Pandemis pyrusana

Scientific classification
- Kingdom: Animalia
- Phylum: Arthropoda
- Clade: Pancrustacea
- Class: Insecta
- Order: Lepidoptera
- Family: Tortricidae
- Genus: Pandemis
- Species: P. pyrusana
- Binomial name: Pandemis pyrusana Kearfott, 1907
- Synonyms: Pandemis pyrana Meyrick, 1912;

= Pandemis pyrusana =

- Authority: Kearfott, 1907
- Synonyms: Pandemis pyrana Meyrick, 1912

Species of moth

Pandemis pyrusana, the apple pandemis or pandemis leafroller moth, is a species of moth of the family Tortricidae. The species was first described by William D. Kearfott in 1907. It is found in North America, where it has been recorded from Alberta to British Columbia, south through Idaho, Utah and Colorado and California. The habitat consists of forests with deciduous trees and shrubs.

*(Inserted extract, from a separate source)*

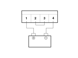 Подсоедините положительный (+) провод аккумулятора к клемме 1, а

The length of the forewings is 8–12.5 mm for males and 9.5–14 mm for females. Adults are on wing from May to July and again from September to November in coastal California in one or two generations per year.

The larvae feed on Alnus species, Betula occidentalis, Lonicera species, Cornus sericea, Ribes species, Ceanothus cuneatus, Malus species (including Malus pumila), Prunus species (including Prunus avium and Prunus virginiana), Pyrus species, Rosa species, Populus tremuloides and Salix species (including Salix lasiolepis and Salix sessilifolia).